> _Data shown_

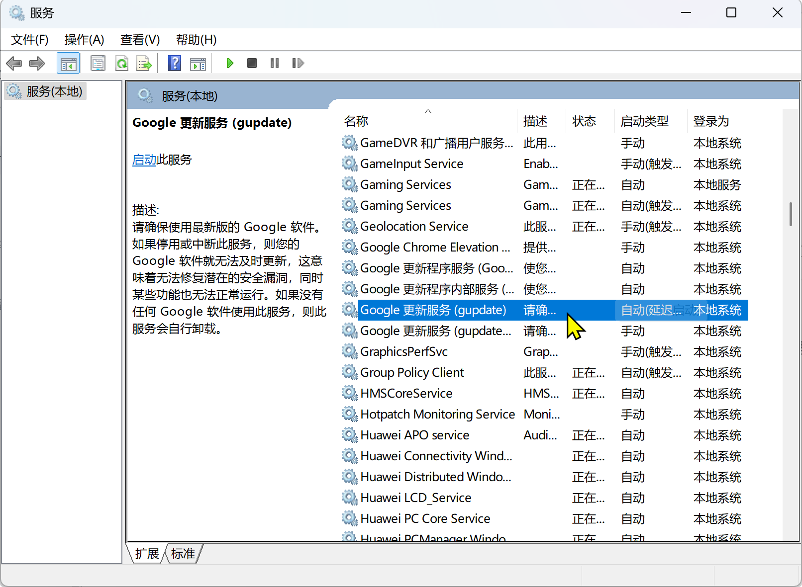 services.msc回车,打开「服务」管理器。 - 选择GoogleUpdater,双击将「启动类型」设置为「禁用」。
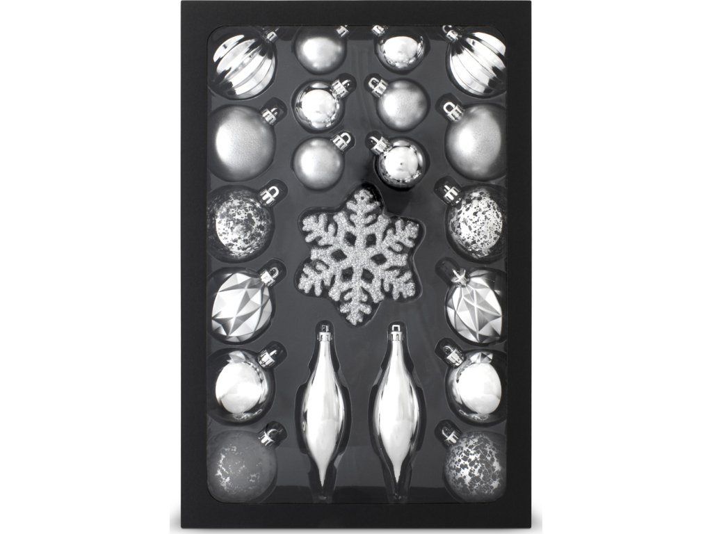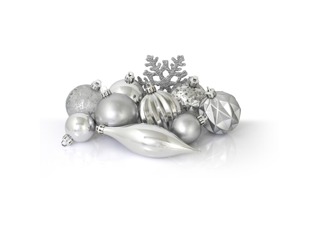 RETLUX RXL 448 sada ozdob 25ks stříbrnéSada 25 kusů vánočních ozdob v tradiční stříbrné barvě
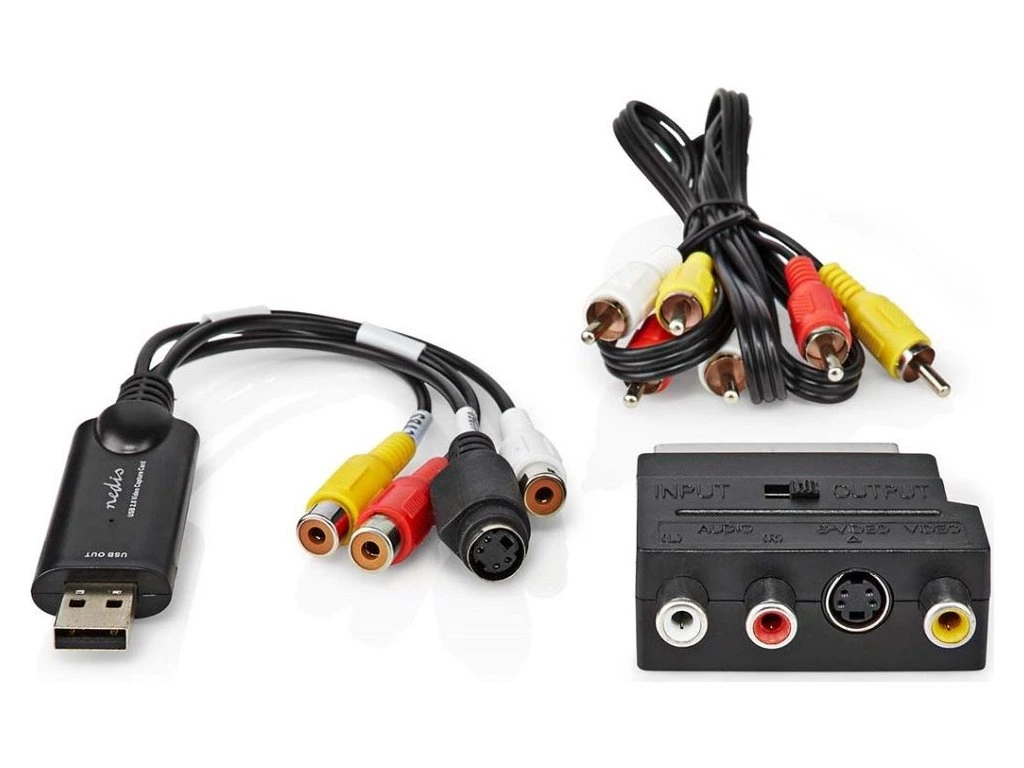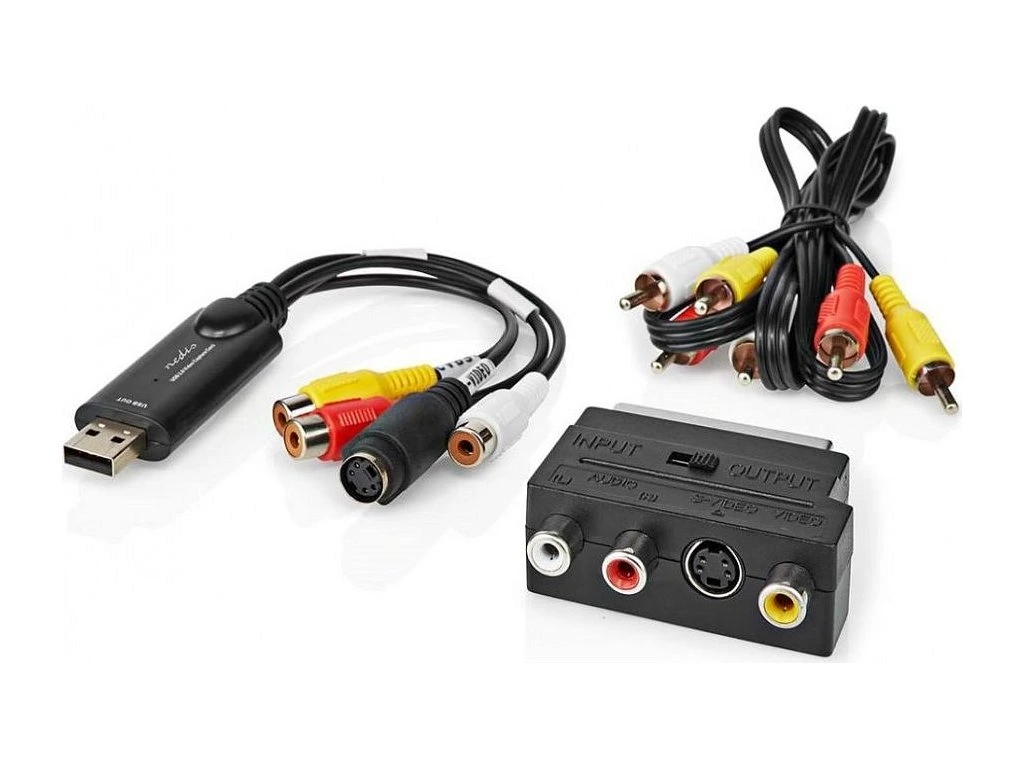 Nedis video převodníkKompletní sada příslušenství pro digitalizaci analogových videozáznamů. Jednoduše připojte videorekordér či videokameru pomocí kabelů v této sadě do USB portu počítače, bez nutnosti instalace jakýchkoli ovladačů. Přenášený obrazový a zvukový signál lze přijímat a zaznamenávat pomocí volně dostupného softwaru OBS Studio.

> _Work request_
When the line that holds "RETLUX RXL 448" is reached, begin duplicating exactly, and continue through the last line of the listing, skipping the pictures; output nothing else.

> _Solved exercise_
 RETLUX RXL 448 sada ozdob 25ks stříbrnéSada 25 kusů vánočních ozdob v tradiční stříbrné barvě
 Nedis video převodníkKompletní sada příslušenství pro digitalizaci analogových videozáznamů. Jednoduše připojte videorekordér či videokameru pomocí kabelů v této sadě do USB portu počítače, bez nutnosti instalace jakýchkoli ovladačů. Přenášený obrazový a zvukový signál lze přijímat a zaznamenávat pomocí volně dostupného softwaru OBS Studio.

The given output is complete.